### Dataset records

────────

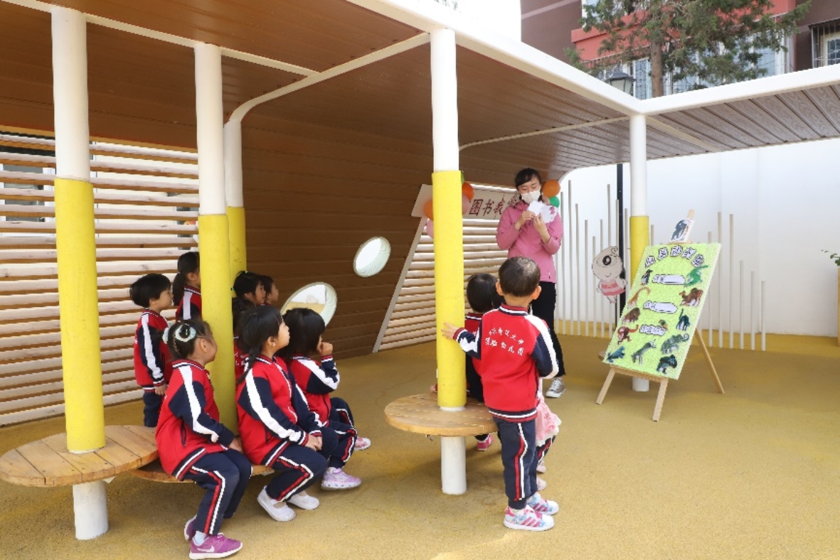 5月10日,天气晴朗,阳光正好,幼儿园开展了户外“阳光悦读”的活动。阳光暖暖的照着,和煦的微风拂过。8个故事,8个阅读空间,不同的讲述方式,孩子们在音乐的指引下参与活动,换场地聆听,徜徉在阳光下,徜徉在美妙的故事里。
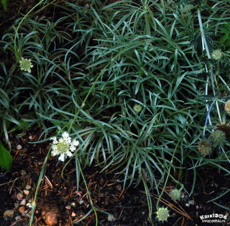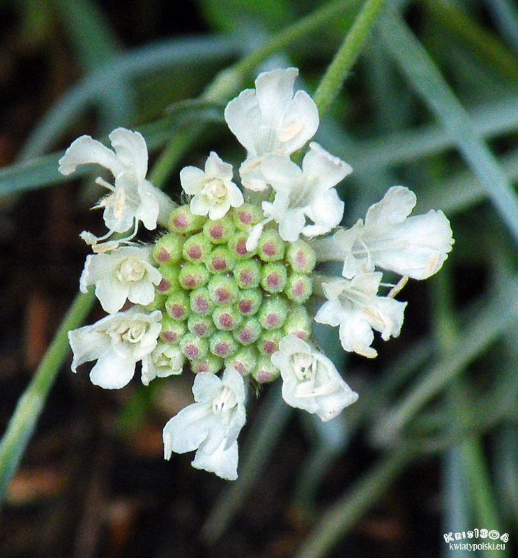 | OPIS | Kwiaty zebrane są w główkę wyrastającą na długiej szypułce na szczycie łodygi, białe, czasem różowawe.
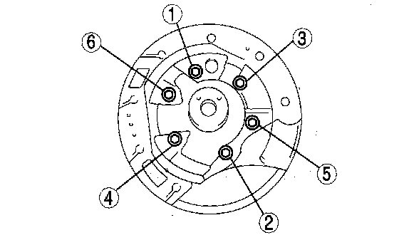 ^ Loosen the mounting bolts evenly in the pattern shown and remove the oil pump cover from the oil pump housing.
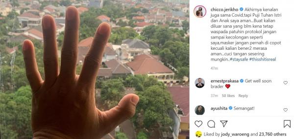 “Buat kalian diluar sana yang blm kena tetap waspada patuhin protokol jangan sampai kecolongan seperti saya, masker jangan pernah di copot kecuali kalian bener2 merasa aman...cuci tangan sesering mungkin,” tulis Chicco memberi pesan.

────────

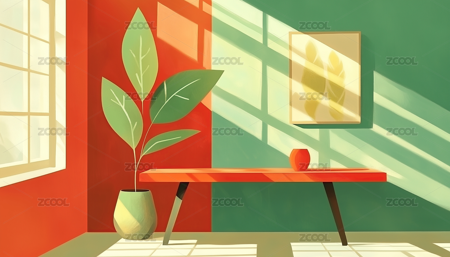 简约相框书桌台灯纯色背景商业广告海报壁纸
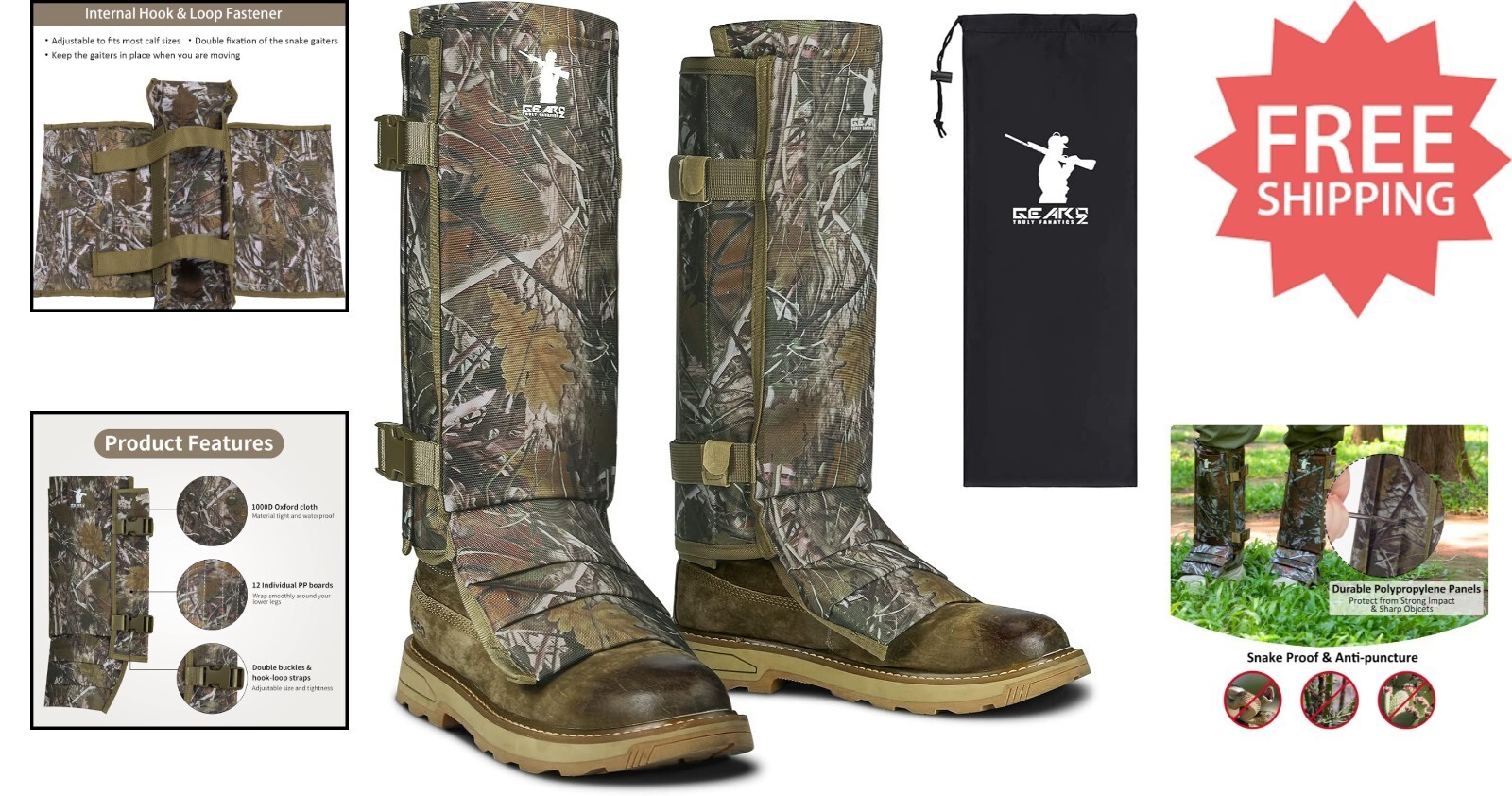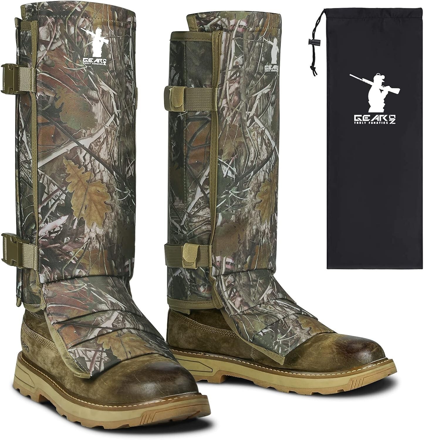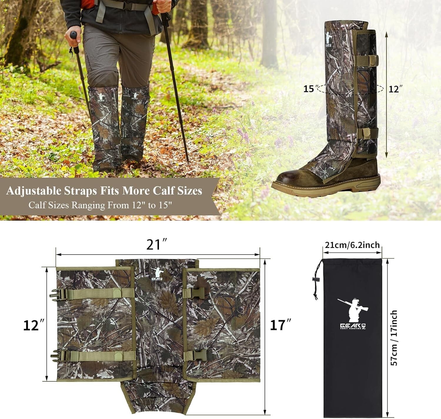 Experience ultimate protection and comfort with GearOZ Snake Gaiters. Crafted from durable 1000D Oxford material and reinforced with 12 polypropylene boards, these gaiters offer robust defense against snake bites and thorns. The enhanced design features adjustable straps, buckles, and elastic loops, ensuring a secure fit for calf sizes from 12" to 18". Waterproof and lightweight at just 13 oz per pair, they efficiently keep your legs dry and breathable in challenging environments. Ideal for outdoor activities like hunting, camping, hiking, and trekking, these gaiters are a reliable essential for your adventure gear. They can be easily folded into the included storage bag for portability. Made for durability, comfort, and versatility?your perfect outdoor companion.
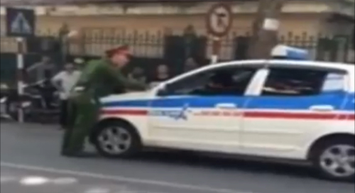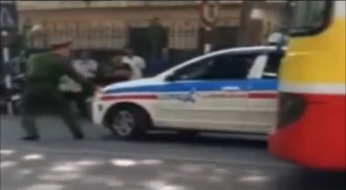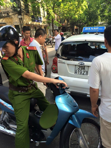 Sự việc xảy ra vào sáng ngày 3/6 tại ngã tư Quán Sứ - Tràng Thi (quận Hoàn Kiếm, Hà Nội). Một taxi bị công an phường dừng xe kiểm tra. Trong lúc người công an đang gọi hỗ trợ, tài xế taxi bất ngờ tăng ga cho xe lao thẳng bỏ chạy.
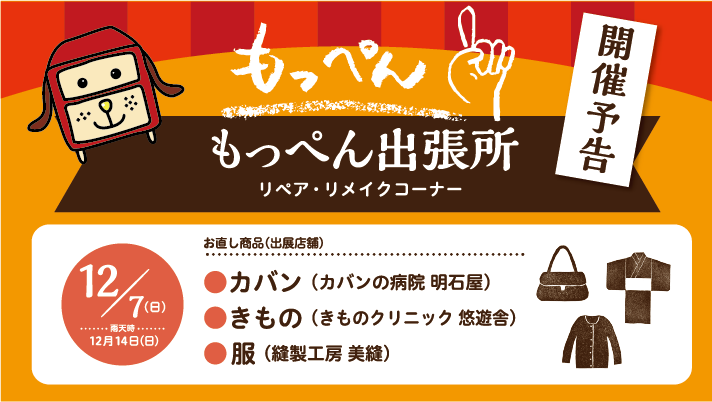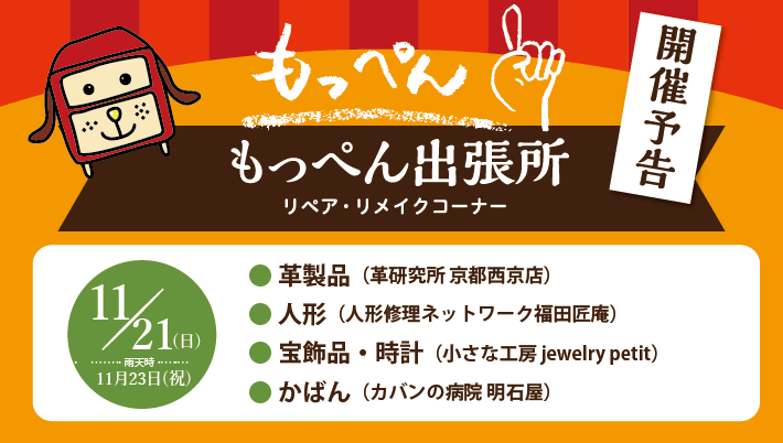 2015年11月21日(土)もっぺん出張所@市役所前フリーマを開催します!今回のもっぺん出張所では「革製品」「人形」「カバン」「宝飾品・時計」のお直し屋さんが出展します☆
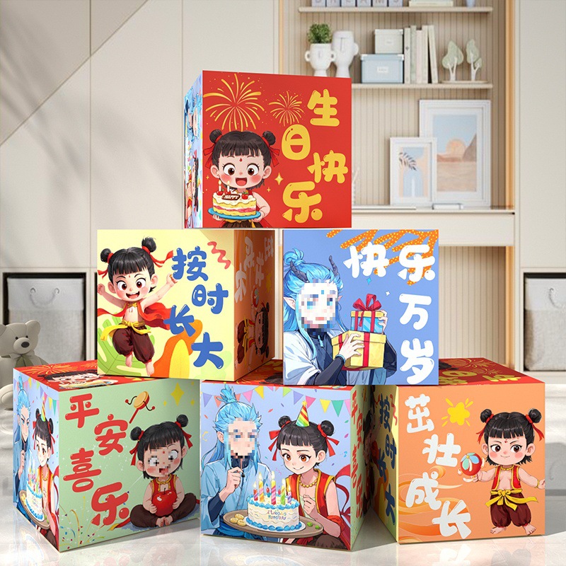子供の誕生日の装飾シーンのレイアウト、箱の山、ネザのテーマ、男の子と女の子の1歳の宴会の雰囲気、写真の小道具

────────

### What is needed
Using the material above, transcribe exactly the lines from the one holding "5月10日,天气晴朗,阳光正" to the one holding "Chicco memberi pesan.", both ends kept. Do not carry over any pictures.

### Task response
 5月10日,天气晴朗,阳光正好,幼儿园开展了户外“阳光悦读”的活动。阳光暖暖的照着,和煦的微风拂过。8个故事,8个阅读空间,不同的讲述方式,孩子们在音乐的指引下参与活动,换场地聆听,徜徉在阳光下,徜徉在美妙的故事里。
 | OPIS | Kwiaty zebrane są w główkę wyrastającą na długiej szypułce na szczycie łodygi, białe, czasem różowawe.
 ^ Loosen the mounting bolts evenly in the pattern shown and remove the oil pump cover from the oil pump housing.
 “Buat kalian diluar sana yang blm kena tetap waspada patuhin protokol jangan sampai kecolongan seperti saya, masker jangan pernah di copot kecuali kalian bener2 merasa aman...cuci tangan sesering mungkin,” tulis Chicco memberi pesan.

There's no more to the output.